In both the counting and conditional logit analysis, scores relate to the relative importance of attributes (ie, relative importance scores). In other words, differences between scores are meaningful whereas absolute values are not.

Subgroup analysis

Subgroup analysis was performed to explore the relationship between previous testing and preferences for future testing. Experience was captured by two questions that asked whether women had previously: (1) undergone testing for ovarian cancer or (2) received a transvaginal ultrasound for any reason. Subgroup analysis was based on conditional logit results and differences in relative importance scores between groups were tested using unpaired t-tests. Finally, heteroscedastic logit models were estimated to investigate whether differences between subgroup were attributable to scale differences (ie, differences in error variance between subgroups) or due to a genuine difference in preferences.

Results

In total, 159 women responded to the survey. The average response time for the questionnaire was 29 min 51 s. Four submissions were incomplete, two were removed due to failing all attention checks, and a further three responses were removed due to incorrect completion of the best–worst section of the survey, resulting in 150 responses for the final analysis. Respondents varied substantially in how difficult they found the best–worst portion of the questionnaire with 42% (63/150) reporting it easy/very easy but 38% (57/150) finding it difficult/very difficult. There were no significant differences in BWS responses between those who found the task difficult versus those who did not.

Demographics

The demographics of the sample are presented in table 2. The age ranged from 40 to 87 years old with a mean of 51.4 (SD=9.1). Most participants were white (120/150; 80%), married/in a relationship (97/150; 65%) and employed (78/150; 52%).

Table 2

Descriptive characteristics: sociodemographic

Most women perceived their risk of cancer as low-average (128/150; 85%) and ovarian cancer-related anxiety was generally low-moderate among respondents (116/150; 77%). Overall, 50 women (33%) reported previously undergoing a TVUS for any reason. Forty (27%) women reported being previously tested for ovarian cancer, with CA125 blood test being the most common test.

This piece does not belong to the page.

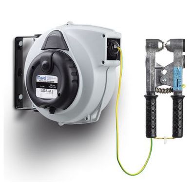 Automatic cable reel equipped with 15 m x 6 mm2 yellow/green cable and by request supplied with earth clamp certified in accordance to the regulations laid down in the standard directive 94/9/CE ATEX. This clamp allows the connection with the earthing system to create an equalization of potential between containers of inflammable products (liquids gas or powder) or those in areas of danger from explosion; this connection must be carried out respecting the appropriate regulations with the correct appliances such as the earth clamp that firmly connect to any hold (from 3 to 20 mm) even on rusty surfaces, assuring the continuity of current.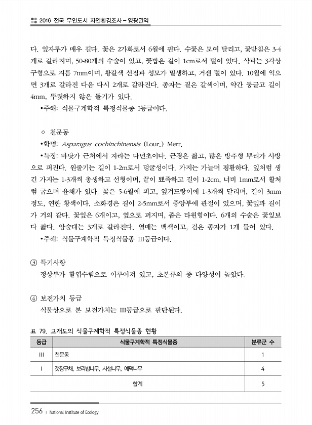2016 전국 무인도서 자연환경조사 영광권역 256 ? National Institute of Ecology 다. 잎자루가 매우 길다. 꽃은 2가화로서 6월에 핀다. 수꽃은 모여 달리고, 꽃받침은 3-4 개로 갈라지며, 50-80개의 수술이 있고, 꽃밥은 길이 1cm로서 털이 있다. 삭과는 3각상 구형으로 지름 7mm이며, 황갈색 선점과 성모가 밀생하고, 거센 털이 있다. 10월에 익으 면 3개로 갈라진 다음 다시 2개로 갈라진다. 종자는 짙은 갈색이며, 약간 둥글고 길이 4mm, 뚜렷하지 않은 돌기가 있다. ?주해식물구계학적 특정식물종 I등급이다. ◇ 천문동 ?학명Asparagus cochinchinensis Lour. Merr. ?특징바닷가 근처에서 자라는 다년초이다. 근경은 짧고, 많은 방추형 뿌리가 ...

Crucially, when asked, 127/150 women (89%) stated they wished for a great deal/a lot of involvement in decisions relation to their own care but only 34/150 (23%) currently felt this was achieved, with 17/150 (11%) respondents felt unable to be involved in medical decisions at all. Further details are found in online supplemental appendix 1.

Best–worst results

Counting analysis

BWS results are presented in online supplemental appendix 2. Scores were bound between −1 and 1. Scores tending towards the extremes of the scale would imply homogeneity across respondents and consistency between responses across questions on an individual level. Importance scores ranged from −0.224 to 0.380, suggesting high levels of heterogeneity in preferences regarding test characteristics across respondents (see online supplemental appendix 3).

Overall, ‘chance of dying from ovarian cancer’ (0.380, 5% CI 0.26 to 0.49) was most important to women when considering ovarian cancer testing, followed by ‘test sensitivity’ (0.308, 95% CI 0.21 to 0.40). Conversely, ‘time away from usual activities’ (−0.244, 95% CI −0.33 to −0.15) and ‘gender of healthcare provider’ (−0.243, 95% CI −0.35 to −0.14) were considered least important to women when facing diagnostic testing and were statistically indistinguishable from each other.

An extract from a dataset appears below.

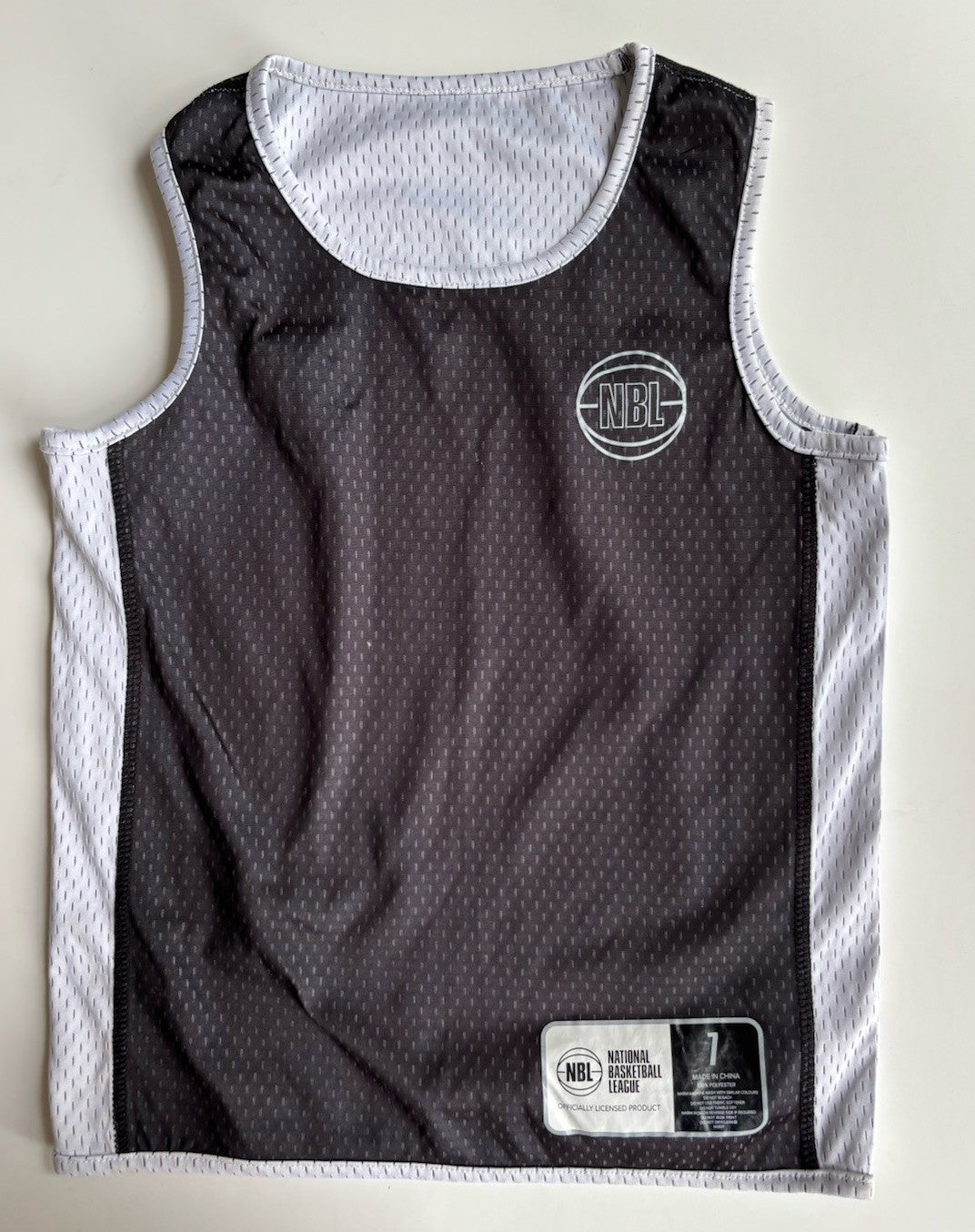 NBL kids boys size 7 black grey basketball singlet tank top, VGUC

Conditional logit analysis

The results for the conditional logit model are shown in online supplemental appendix 2. The order of importance remained consistent across the two analysis methods and the estimates were highly correlated (online supplemental appendix 4).

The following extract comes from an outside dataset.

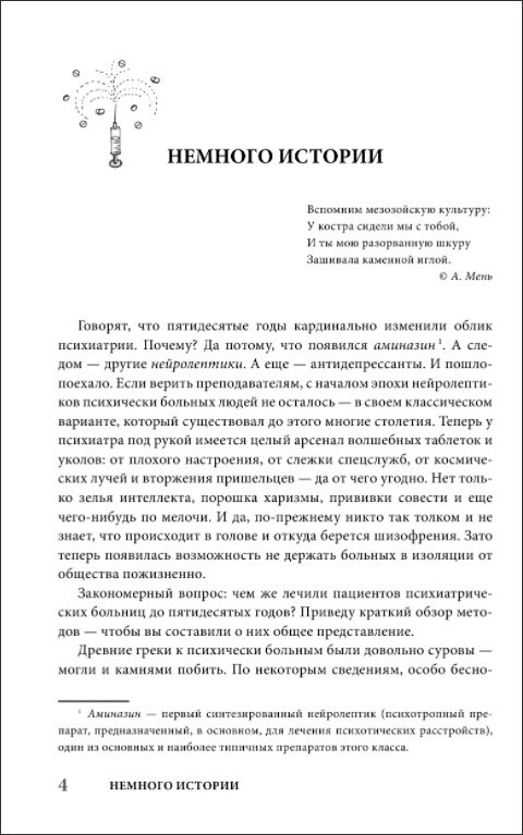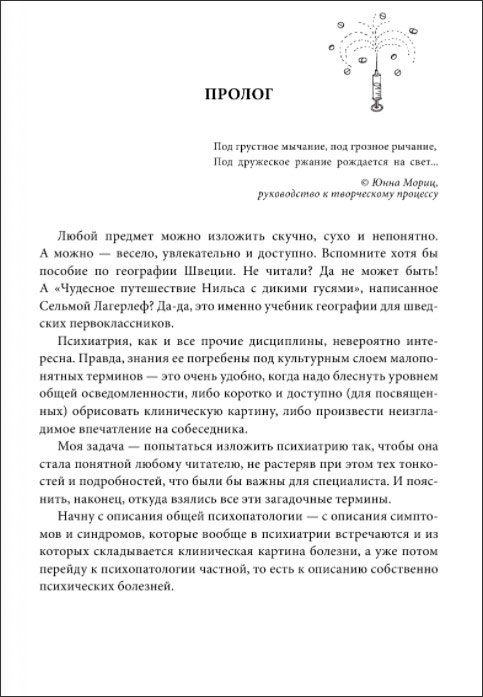Если верить довольно расхожей сентенции, то в психиатрии кто первый надел халат и занял место по нужную сторону рабочего стола – тот и доктор. По слухам, желательно еще иметь коекакое представление о матчасти: кого заслуженно, а не со зла, назвать дебилом, кого – параноиком. С халатом проще – можно запастись заранее в магазине спецодежды. Что же касается матчасти – я дам вам... нет, не парабеллум. И пулемета тоже не дам, извините, ребята. А вот тот объем информации, который должен иметь любой начинающий психиатр,– это пожалуйста. Причем изложу его так, чтобы было понятно даже тому, кто сроду отношение к медицине имел в лучшем случае в качестве пациента. Что же до полноты сведений – знайте: прочитав эту книгу, уже многие студенты успешно сдали экзамен по психиатрии. Останется лишь научиться быстро надевать халат.

All items had a positive coefficient and most were statistically significant at the 95% level, confirming the relative importance of all attributes compared with ‘time away from usual activities’. Non-significant items were those with the lowest importance (eg, ‘gender of healthcare providers’ and ‘how test results are returned’), suggesting a clustering effect towards the bottom of the importance scale.

Figure 2 shows the relative importance scores associated with the conditional logit estimates. The distance between each item is a spatial visualisation of differences in relative importance. Importance scores ranged from a maximum of 9.88 (95% CI 7.04 to 12.72) for ‘chance of dying of ovarian cancer’ to a minimum of 1.93 (95% CI 1.34 to 2.52) for ‘time away from usual activities’ and Gender of healthcare providers. Indicating ‘chance of dying from ovarian cancer’ was approximately five times more important to respondents. The most important characteristics to respondents were clear and distinct: however, spatial visualisation demonstrated grouping of attributes towards the centre and bottom of the scale. Groupings were distinct to other items but differences in importance between items within clusters is less distinguishable. In general, results demonstrate a clear prioritisation of outcome (dark blue dots) and test specific characteristics (light blue dots) whereas service delivery characteristics (pink dots) were consistently less important to respondents.

Figure 2

Best–worst scaling results. The distance between attributes is a spatial representation of the difference in relative importance between attributes on the latent importance scale.

Subgroup analysis

Women previously tested for ovarian cancer placed significantly lower importance on ‘pain and discomfort’ in comparison to test-naïve individuals. There was also evidence to suggest ‘time away from usual activities’ and ‘test specificity’ were less prioritised by previously tested women while ‘openness of healthcare providers’ and ‘test specificity’ appeared marginally more important to those with test experience (figure 3).

Figure 3

Subgroup analysis results comparing importance scores between those previously tested for ovarian cancer (OC) (n=40) and those who have never been tested (n=110). Error bars represent 95% CIs.Significance of differences between subgroups: *p<0.10, **p<0.05, ***p<0.01

For women who had previously undergone a TVUS, ‘chance of diagnosing another condition’ and ‘chance of dying from ovarian cancer’ were significantly more important compared with those with no test experience (figure 4). Alternatively, women who had never been tested appeared to place higher value on ‘information included with the invitation’ and ‘choice of appointment time’, although the overall importance of such attributes remained relatively low.

Figure 4

Subgroup analysis results comparing importance scores between those who have previously undergone a transvaginal ultrasound (TVUS) for any medical reason (n=50) and those who have not (n=100). Error bars represent 95% CIs.Significance of differences between subgroups: *p<0.10, **p<0.05, ***p<0.01

In both instances, results from heteroscedastic logit models demonstrated no differences in scale between subgroups indicating observed differences were attributable to differences in priorities as opposed to differences in response variance between groups with different prior experience (online supplemental appendix 5).

Discussion

Summary of main findings

This is the first study to investigate the priorities of women relating to diagnostic testing for ovarian cancer. The results of this study highlight the importance yet current neglect of incorporating the preferences of patients into medical testing decisions. When asked, almost 90% (134/150) of respondents wanted heavy involvement in medical decisions: however, less than a quarter of women currently felt able to do so.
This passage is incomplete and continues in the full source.